== Record extracts ==

*** Block opens ***

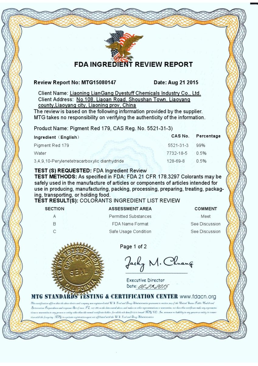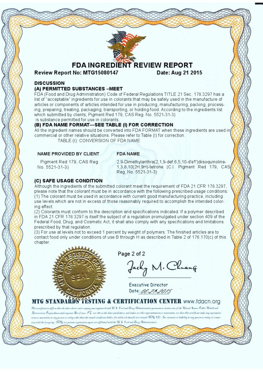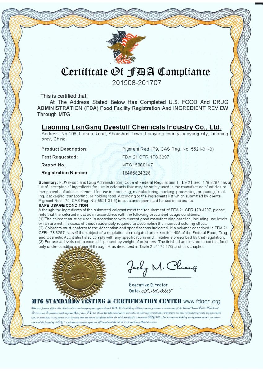 為了進一步拓展我司產品顏料紅179(PIGMENT RED 179, S-4180)的應用領域,同時應廣大客戶要求,我司已將顏料紅179做了美國FDA(FDA 21 CFR 178.3297)的檢測和認證,注冊號為18486824328,證書號為MTG15080147。檢測結果顯示我司產品顏料紅179完全符合FDA的認證標準。這項權威的認證結果表明我司所生產的的顏料紅179完全可適用于食品接觸(塑料包裝、薄膜及纖維拉絲等)領域。
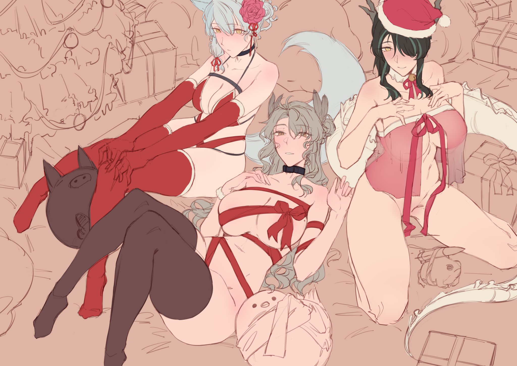 3girlsbellblack thighhighsblue hairbreastsconvenient censoringelbow glovesfeather hair ornamentfeathersgiftglovesgreen hairhair ornamentlarge breastslimited palettemedium breastsmulticolored hairmultiple girlspresentingred thighhighsribbonthighhighsthighsyellow eyes
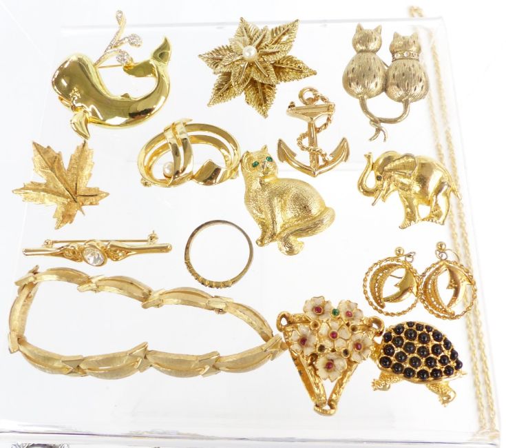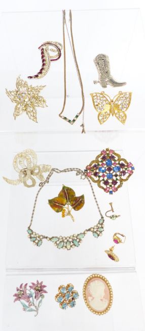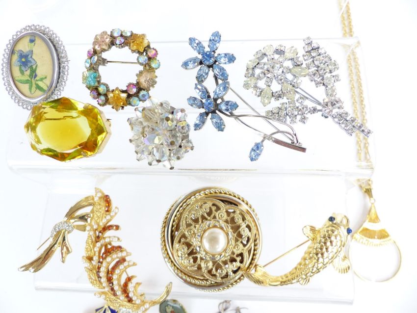 A collection of vintage brooches including a silver brooch, diamanté etc
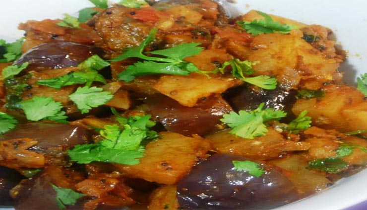 செய்முறை: முதலில் உருளைக்கிழங்கை குக்கரில் போட்டு வேக வைத்து தோலுரித்துசிறிய துண்டுகளாக வெட்டி வைத்துக் கொள்ளவும். பின்பு கத்தரிக்காயை சிறிய துண்டுகளாக வெட்டி தண்ணீரில் போட்டு வைக்கவும். வெங்காயத்தை பொடிதாக நறுக்கிக் கொள்ளவும்.
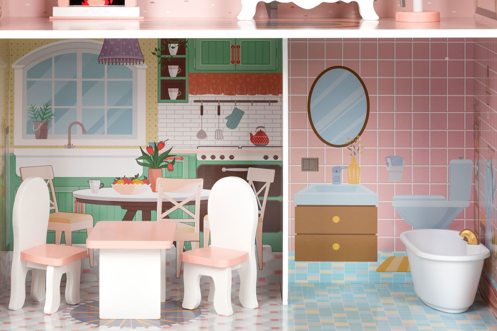 Wystarczy chwila zabawy aby dziecko go pokochało. Cały domek ma 3 niezależne poziomy, w których znajduje się łącznie 5 pomieszczeń, w tym taras umieszczony na najwyższym piętrze. Każde pomieszczenie wykończono w innej stylistyce, wystrój oraz meble zostały dopasowane do charakteru i przeznaczenia danego pomieszczenia. Nic jednak nie stoi na przeszkodzie aby Twoje dziecko pobawiło się w projektanta wnętrz i urządziło je po swojemu.
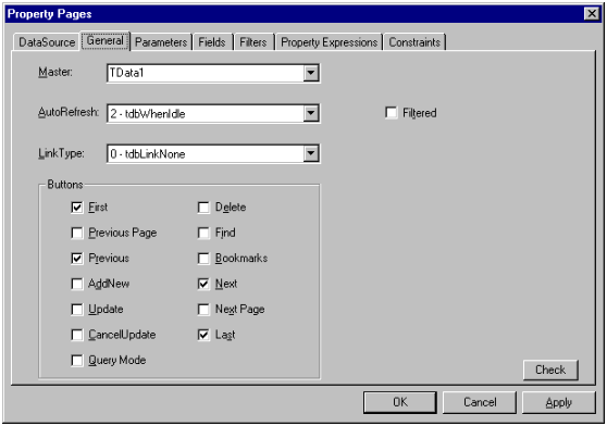 The General page is used to set the overall characteristics of a TData control, that is, those properties belonging to the TData control itself. The remaining pages manage the control’s collections.
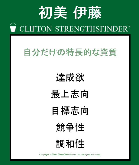「自分だけの特長的な資質」のレポートは、あなたのStrengthsFinderの結果に基づき、上位5つの資質を強い順に並べたものです。 全34項目中、これらの資質があなたの強みの上位5つです。
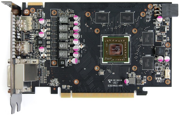 Плата выполнена на текстолите черного цвета. Узел питания GPU расположен в левой части. Радиатора на силовых компонентах нет, хотя его установку предусматривают соответствующие отверстия.

*** Block closes ***

== What is needed ==
Exactly the lines above, from the one containing "A collection of" down to the one containing "செய்முறை: முதலில் உருளைக்கிழங்கை", are to be repeated, including both ends. Pictures are not part of the copy.

== Your response ==
 A collection of vintage brooches including a silver brooch, diamanté etc
 செய்முறை: முதலில் உருளைக்கிழங்கை குக்கரில் போட்டு வேக வைத்து தோலுரித்துசிறிய துண்டுகளாக வெட்டி வைத்துக் கொள்ளவும். பின்பு கத்தரிக்காயை சிறிய துண்டுகளாக வெட்டி தண்ணீரில் போட்டு வைக்கவும். வெங்காயத்தை பொடிதாக நறுக்கிக் கொள்ளவும்.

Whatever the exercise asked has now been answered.